Portrait de la jeune fille en feu: recensione del film di Céline Sciamma in concorso al Festival di Cannes 2019
Un mélo teorico e raggelato, un manifesto lesbo femminista non privo di interesse ma troppo bloccato dal suo essere testardamente teorema.
Per una volta, partiamo dalla cosa che interessa più di tutte a molti di voi che leggete, e che interessa pochissimo a me che scrivo: le stelle. Le stelle di Portrait de la jeune fille en feu sono tre, perché in assoluto - e nel particolare del concorso di Cannes dove il film è stato presentato - sarebbe ingiusto scendere sotto alla soglia della sufficienza.
Ma il nuovo film di Céline Sciamma, che pure ha un paio di momenti decisamente riusciti, è anche un film che ha sollevato in me più di una perplessità e di un moto d’irritazione.
È un melodramma, Portrait de la jeune fille en feu.

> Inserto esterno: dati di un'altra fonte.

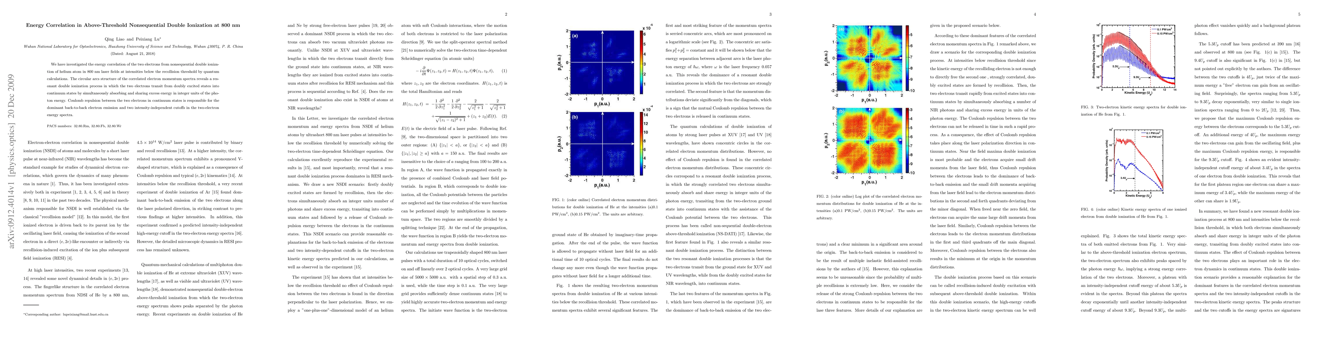 This study explores the energy correlation of two electrons from nonsequential double ionization of helium in 800 nm laser fields, revealing a resonant double ionization process where electrons transition from doubly excited states to continuum states, sharing photon energy in integer units. Coulomb repulsion in continuum states causes dominant back-to-back electron emission and consistent energy cutoffs.
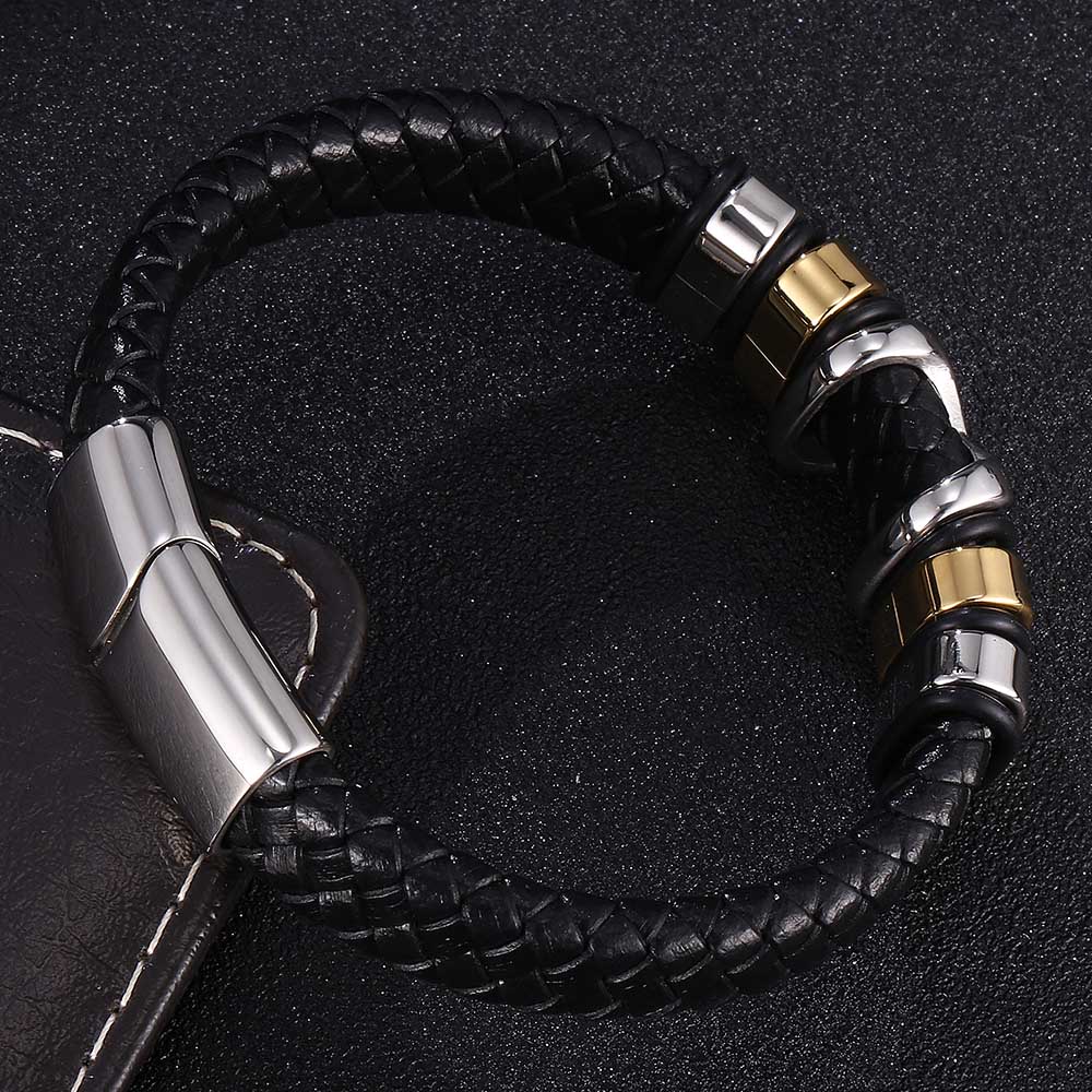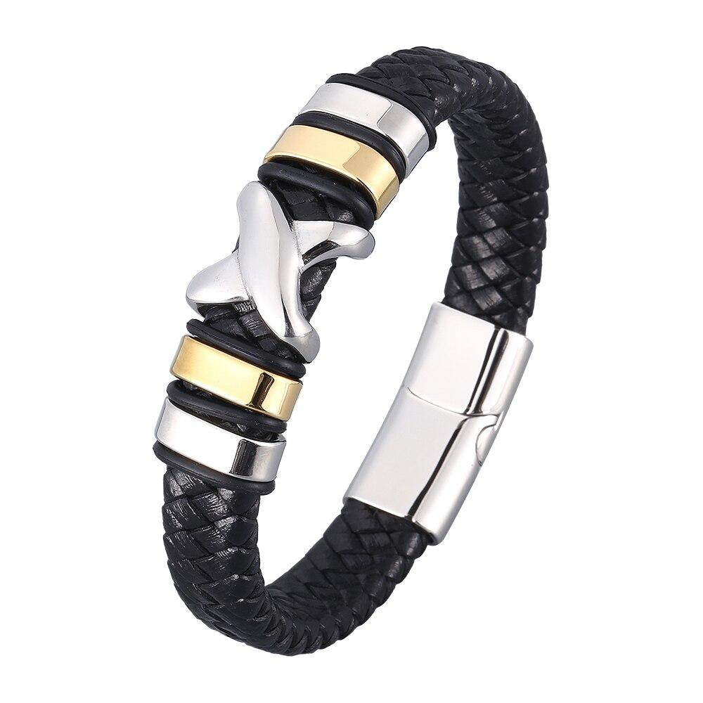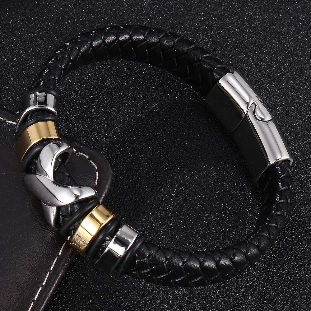 Новый мужской кожаный браслет со стальной кнопкой и подвеской в стиле панк, подарок на день рождения, мужской браслет

Un melodramma algidissimo, dove il fuoco cui fa riferimento il titolo non è certo un falò o un rogo, ma una fiamma debole e languida come quella dei camini del film, che scalda lentamente e passioni delle sue protagoniste e le lascia a sobbollire senza mai farle debordare davvero da un racconto studiatissimo e fin troppo perfettamente bilanciato nell’uso dei suoi riferimenti letterari espliciti e impliciti: dai miti di greci, alle sorelle Brontë.
Passioni contenute da inquadrature studiatissime e geometriche, che accompagnano tutti i riferimenti al guardare e all’essere guardati, al campo e al controcampo: elementi fondanti del film della Sciamma, che in fondo parla della scoperta di sé stessi che avviene attraverso lo sguardo dell’altro
La ragazza “a fuoco” è Adèle Haenel, tirata fuori dal convento da mamma Valeria Golino e spedita in una grande casa sulla costa della Bretagna, dove una pittrice coetanea (Noémie Merlant) deve ritrarla. Ma di nascosto, perché il ritratto è destinato al futuro sposo milanese della giovane, che non vuole né sposarsi con uno sconosciuto né andare a vivere a Milano. Così, mentre l’una scruta l’altra, e viceversa, e mentre gli altarini cadono, cresce l’attrazione tra le due, tra passeggiate, silenzi, sessioni di ritratto, e una festa campestre notturna che è uno dei momenti forti e riusciti (anche registicamente e non solo dal punto di vista emotivo) del film, da cui è tratta l’immagine chiave per il titolo del film. Una crescita lente e progressiva, che avviene isolata nello spazio e nel tempo in maniera quasi laboratoriale, in un film pieno di fucili che spareranno solo molto tempo dopo, e piazzati ad hoc dalla regista.
Sarà anche raggelato, e declinato in chiave lesbo-femminista (con tanto di sottotrama legata a una servetta incinta che le due protagoniste aiutano ad abortire tra una notte d’amore e l’altra, in un panorama dove gli uomini sono più che virtualmente assenti), ma sempre di melodramma, però, si tratta.
E allora il finale deve essere tragico, sebbene trattenuto. Reso solo un po’ più morbido dall’inevitabile rispecchiamento nella realtà della storia dei ragionamenti fatti dalle due amanti sul mito di Orfeo e Euridice, e dall’uso non propriamente sottile di un richiamo musicale vivaldiano (il terzo movimento dell’Estate), legato all’alba del rapporto tra le protagoniste.
Al netto di un paio di scene più che discutibili (l’aborto praticato mentre un neonato gattona sullo stesso letto; una sessione di autoritratto nudo e disteso, con lo specchio in cui la pittrice si guarda piazzato ad altezza pube della sua innamorata), Portrait de la jeune fille en feu trova però il suo più grande limite nel non riuscire a scrollarsi di dosso tutto l’impianto intellettuale e formale che la Céline Sciamma (magari una brava regista, ma non una grande regista) ha studiato a tavolino. Per dar prova dei suoi studi e delle sue capacità, oltre che delle sue posizioni politiche sui generi.
Così facendo, di quell’impianto rimane prigioniero: perché va bene l’algidità, e passi anche il teorema; ma la frigidità, quella, è un’altra cosa.